NetBSD Problem Report #39993
From bouyer@antioche.lip6.fr Fri Nov 21 11:33:09 2008
Return-Path: <bouyer@antioche.lip6.fr>
Received: from mail.netbsd.org (mail.netbsd.org [204.152.190.11])
by narn.NetBSD.org (Postfix) with ESMTP id 138DC63BD2D
for <gnats-bugs@gnats.NetBSD.org>; Fri, 21 Nov 2008 11:33:09 +0000 (UTC)
Message-Id: <200811211133.mALBX4Yi023716@antioche.lip6.fr>
Date: Fri, 21 Nov 2008 12:33:04 +0100 (MET)
From: bouyer@antioche.eu.org
Reply-To: bouyer@antioche.eu.org
To: gnats-bugs@gnats.NetBSD.org
Subject: lockup on i386 SMP (raidframe related ?)
X-Send-Pr-Version: 3.95
>Number: 39993
>Category: kern
>Synopsis: lockup on i386 SMP (raidframe related ?)
>Confidential: no
>Severity: critical
>Priority: high
>Responsible: kern-bug-people
>State: closed
>Class: sw-bug
>Submitter-Id: net
>Arrival-Date: Fri Nov 21 11:35:00 +0000 2008
>Closed-Date: Wed Jun 01 22:47:46 +0000 2016
>Last-Modified: Wed Jun 01 22:47:46 +0000 2016
>Originator: Manuel Bouyer
>Release: NetBSD 5.0_BETA
>Organization:
>Environment:
System: NetBSD antioche.lip6.fr 5.0_BETA NetBSD 5.0_BETA (ANTIOCHE5) #2: Thu Nov 20 23:55:28 CET 2008 bouyer@roll:/dsk/l1/misc/bouyer/tmp/i386/obj/dsk/l1/misc/bouyer/netbsd-5/src/sys/arch/i386/compile/ANTIOCHE5 i386
Architecture: i386
Machine: i386
>Description:
This system is a dual-CPU PIII system, with several SCSI disks on
multiple esiop controllers. Some of them are part of raid-1
raidframe volume (2 disks per volume). A SMP kernel will lookup
within minutes after boot, under I/O load. The system is unresponsive
to network or console (no ping, and no characters echoed on serial
console) but I could enter ddb using cnmagic sequence.
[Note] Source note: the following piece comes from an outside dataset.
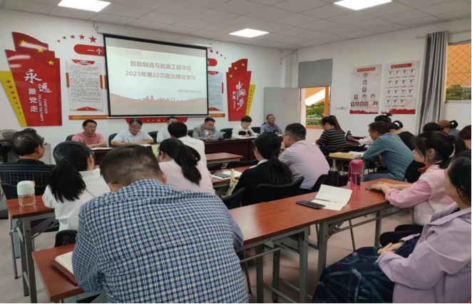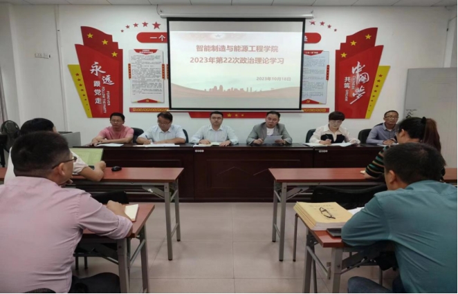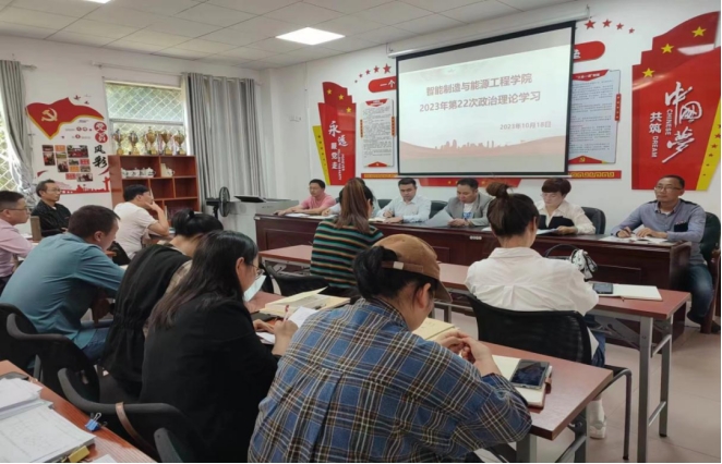 10月18日下午,智能制造与能源工程学院在仙女湖校区B栋104会议室召开第22次政治理论学习会,会议由学院党总支书记范向红主持,院长史洪松、副院长彭秋梅、党总支副书记李思以及全体教师参加了此次会议。
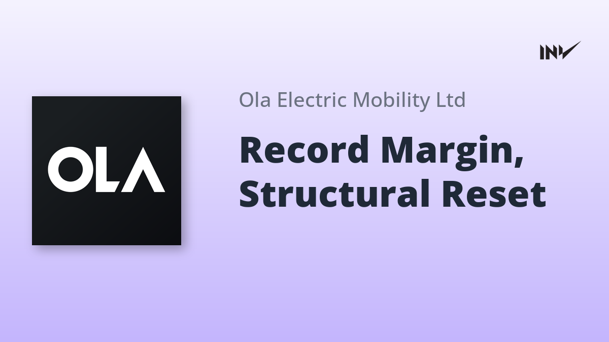 Ola Electric announced its Q3 FY26 results, marked by a structural operating model reset focused on cost realignment and service execution. The company delivered a record consolidated gross margin of 34.3%, up 15.7 percentage points year-over-year. Operational highlights include reducing quarterly opex from a peak of ₹840 Cr to ₹484 Cr, with a target of ₹250-300 Cr soon, setting the EBITDA breakeven at approximately 15,000 units monthly.

Here's
what I found from ddb:
fatal breakpoint trap in supervisor mode
trap type 1 code 0 eip c03aabec cs 8 eflags 202 cr2 bb504000 ilevel 8
Stopped in pid 0.4 (system) at netbsd:breakpoint+0x4: popl %ebp
db{0}> tr
breakpoint(0,3f8,0,6,ca7953c0,cbd01900,cbb5beb0,c1540010,c1541000,7fa) at netbsd:breakpoint+0x4
comintr(cbd017f4,cbb5bec0,6,10,c04f0030,cbb50010,c04f0010,c04f4800,1,cbb5bf4c) at netbsd:comintr+0x566
Xintr_ioapic_edge4() at netbsd:Xintr_ioapic_edge4+0xa9
--- interrupt ---
fatal page fault in supervisor mode
trap type 6 code 0 eip c03ad04f cs 8 eflags 10206 cr2 3e ilevel 8
kernel: supervisor trap page fault, code=0
Faulted in DDB; continuing...
db{0}> mach cpu 1
using CPU 1
db{0}> tr
__cpu_simple_lock(c1702c40,c15a99f8,0,0,c15560d8,c15560d0,0,c1556000,c01c52c0, cc5a2d20) at netbsd:__cpu_simple_lock+0x1c
rf_RaidIOThread(c1556000,0,c01002a7,0,c01002a7,0,0,0,0,0) at netbsd:rf_RaidIOThread+0x7f
rf_RaidIOThread+0x7f is:
0xc01c533f is in rf_RaidIOThread (/dsk/l1/misc/bouyer/netbsd-5/src/sys/dev/raidf
rame/rf_engine.c:863).
858 /* See what I/Os, if any, have arrived */
859 while ((req = TAILQ_FIRST(&(raidPtr->iodone))) != NULL) {
860 TAILQ_REMOVE(&(raidPtr->iodone), req, iodone_entries);
861 simple_unlock(&(raidPtr->iodone_lock));
862 rf_DiskIOComplete(req->queue, req, req->error);
863 (req->CompleteFunc) (req->argument, req->error);
864 simple_lock(&(raidPtr->iodone_lock));
865 }
0xc01c5324 <rf_RaidIOThread+100>: call 0xc010cd90 <__cpu_simple_unlock>
0xc01c5329 <rf_RaidIOThread+105>: mov 0x70(%ebx),%eax
0xc01c532c <rf_RaidIOThread+108>: mov 0x58(%ebx),%edx
0xc01c532f <rf_RaidIOThread+111>: mov %ebx,0x4(%esp)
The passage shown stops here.